I frequently fish Bob Sikes and have never seen anyone catch an eel. Last night dozens were caught along the bridge. Anyway, does anyone know what might have been bringing them in? Also, will they work for bait?


----------



## Bodupp (Oct 3, 2007)

Yes, they are good for bait, but they're the most aggravating SOB's ever. My guess is they're returning from spawning in the Sargasso Sea. The females will continue up the rivers into freshwater while the males will hang out in the estuaries and drink beer and watch football, enjoying their time away from the females.


----------



## flukedaddy (Apr 11, 2009)

As I sit here sippin on my beer, while my wife is headin to Atmore with Mom and Uncle, This post cracked me up. 

They are killer baits offshore as well.


----------



## flex (Feb 26, 2013)

you sure you aren't talking about ribbon fish?


----------



## TTT (Jun 26, 2013)

flex said:


> you sure you aren't talking about ribbon fish?
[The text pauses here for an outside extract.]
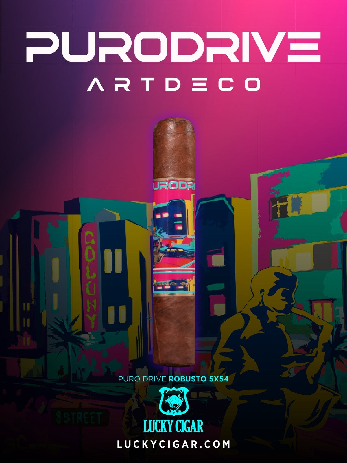 Introducing the Puro Drive Robusto 5 x 54, a bold infused cigar from Lucky Cigar’s Puro Drive Series. This cigar captures the energy of Miami’s Art Deco lifestyle through a combination of striking design and an unforgettable smoking profile. Perfect for aficionados who enjoy a robust format with modern infused flavor, the Puro Drive Robusto delivers quality and style in every draw.
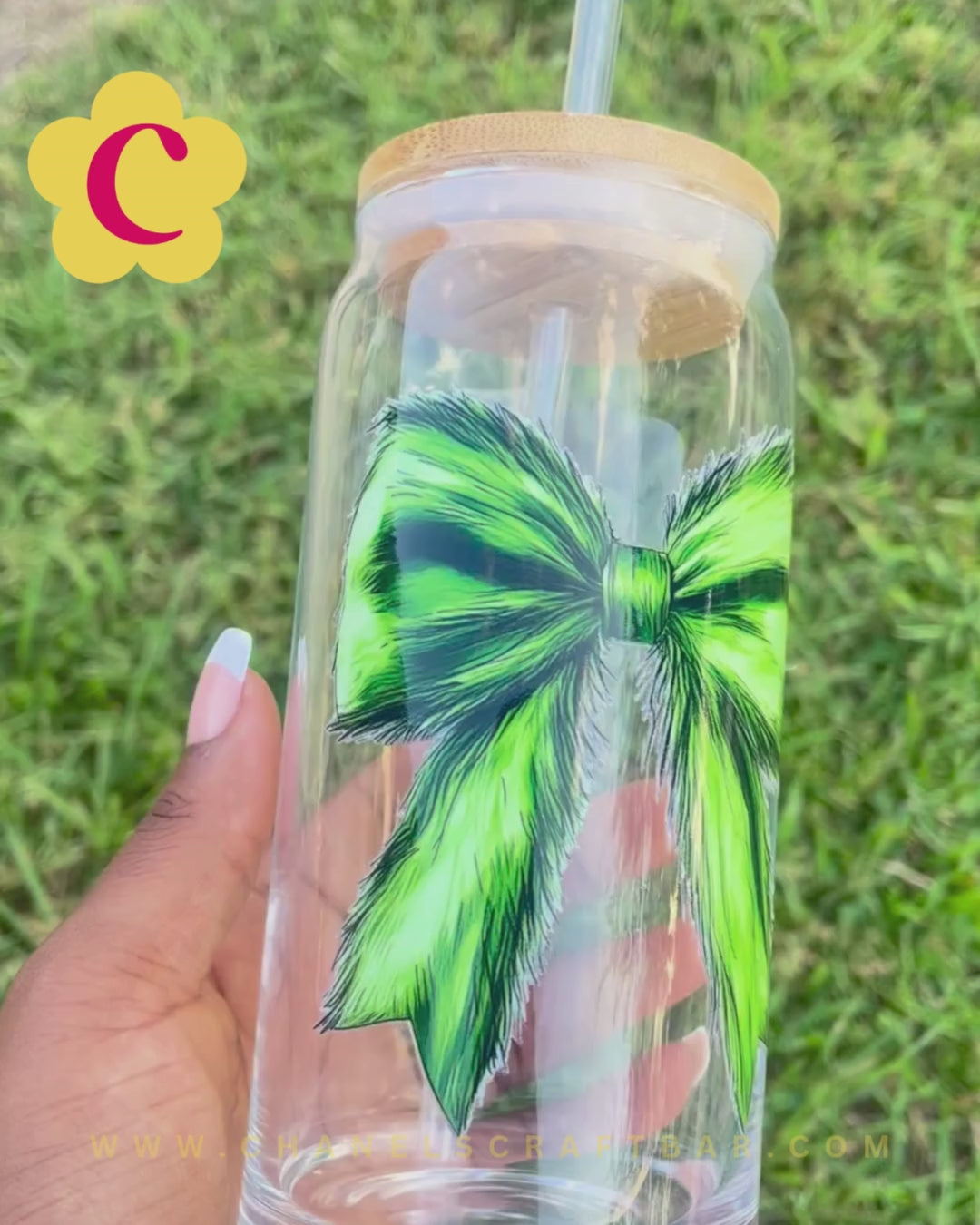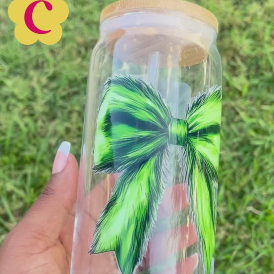 Grinch Bow 20oz Glass Cup with Bamboo Lid + Straw

The face made me think eel. I will try to get a picture later today so someone can confirm. Froze one just in case I wanted to try them for bait.


----------



## TTT (Jun 26, 2013)

Bodupp said:


> Yes, they are good for bait, but they're the most aggravating SOB's ever. My guess is they're returning from spawning in the Sargasso Sea. The females will continue up the rivers into freshwater while the males will hang out in the estuaries and drink beer and watch football, enjoying their time away from the females.


:thumbup:


----------



## flukedaddy (Apr 11, 2009)

Ribbonfish looks like a spainish face with the teeth and a slender body. ells will look like snakes with small heads.


----------



## weedline (Aug 20, 2011)

we all know cobias eat them i know they work well for amber jacks a friend used to swear by them as grooper baits at 3 or 4 $ an ell never experemented much with them although i did get the jacks good at the end of cobia season years back


----------



## TTT (Jun 26, 2013)

Thanks for the information everyone


----------



## flex (Feb 26, 2013)

i was there yesterday and they are eels. saw some caught and they were thrown on the bridge to die which i feel is crappy. either throw them back or use them for bait.. leaving them on the bridge to die is unsportsmanlike


----------



## TTT (Jun 26, 2013)

flex said:


> i was there yesterday and they are eels. saw some caught and they were thrown on the bridge to die which i feel is crappy. either throw them back or use them for bait.. leaving them on the bridge to die is unsportsmanlike


Unfortunately people do it frequently with catfish and stingray too. The eels I kept the other day were picked up off the bridge because someone left them there.


----------